_TASK DETAILS_. Transcribe exactly everything in the data below from the line containing "24 PCS Carpet" down to the line containing "top: fractal dimension", both lines included and nothing further.

_WORKING DATA_.
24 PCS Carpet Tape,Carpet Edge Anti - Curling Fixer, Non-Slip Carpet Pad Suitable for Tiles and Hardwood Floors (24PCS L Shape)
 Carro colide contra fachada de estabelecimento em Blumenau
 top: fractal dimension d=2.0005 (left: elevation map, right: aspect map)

* * *

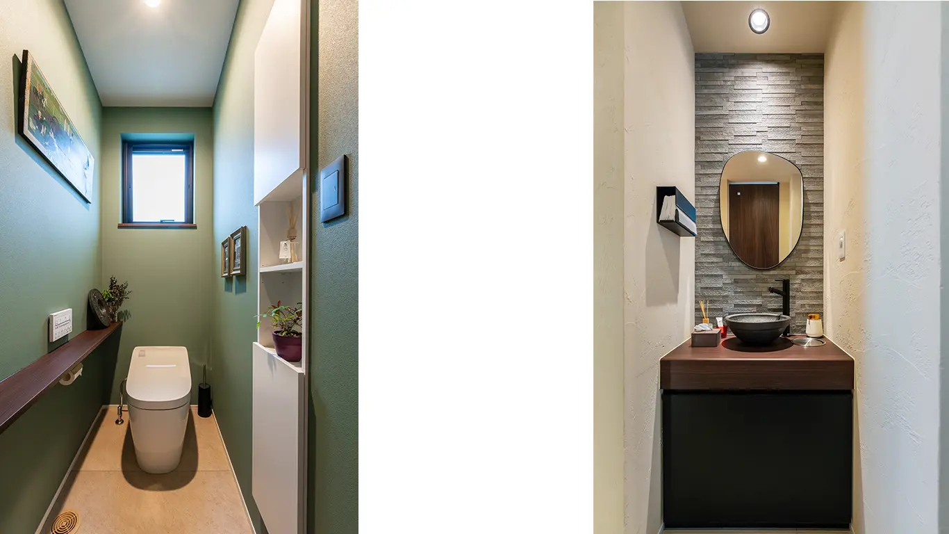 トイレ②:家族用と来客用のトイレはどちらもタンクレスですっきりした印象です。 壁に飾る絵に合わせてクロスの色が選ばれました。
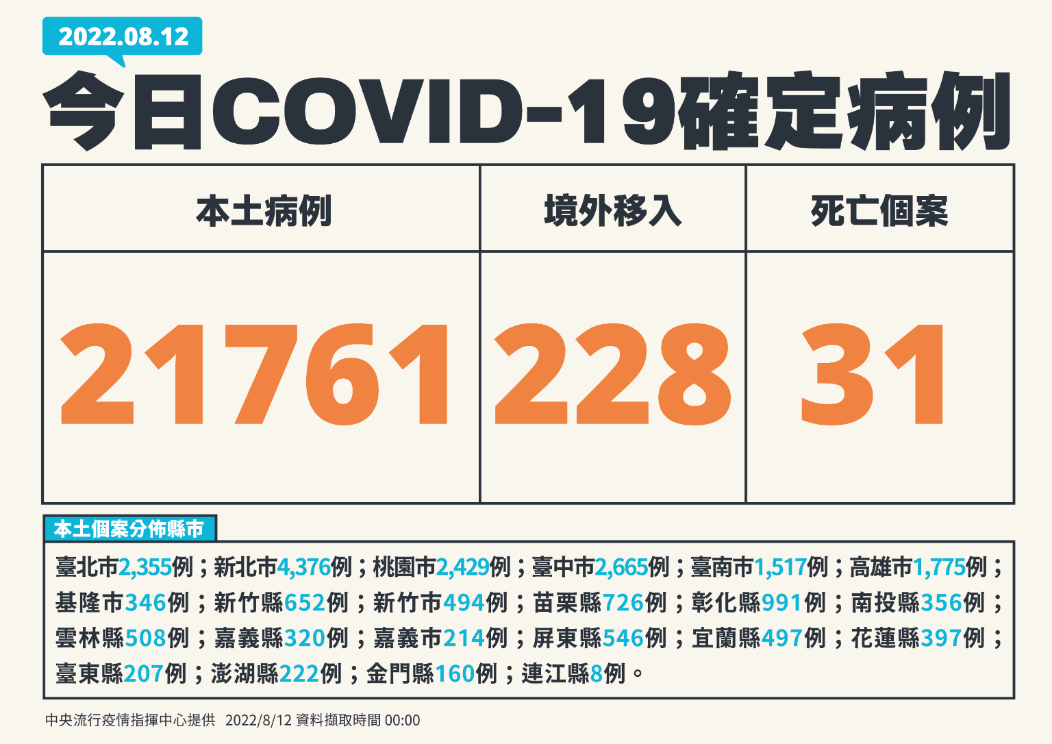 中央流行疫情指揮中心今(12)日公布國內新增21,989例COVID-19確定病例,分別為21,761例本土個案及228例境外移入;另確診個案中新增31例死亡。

_TASK ANSWER_.
24 PCS Carpet Tape,Carpet Edge Anti - Curling Fixer, Non-Slip Carpet Pad Suitable for Tiles and Hardwood Floors (24PCS L Shape)
 Carro colide contra fachada de estabelecimento em Blumenau
 top: fractal dimension d=2.0005 (left: elevation map, right: aspect map)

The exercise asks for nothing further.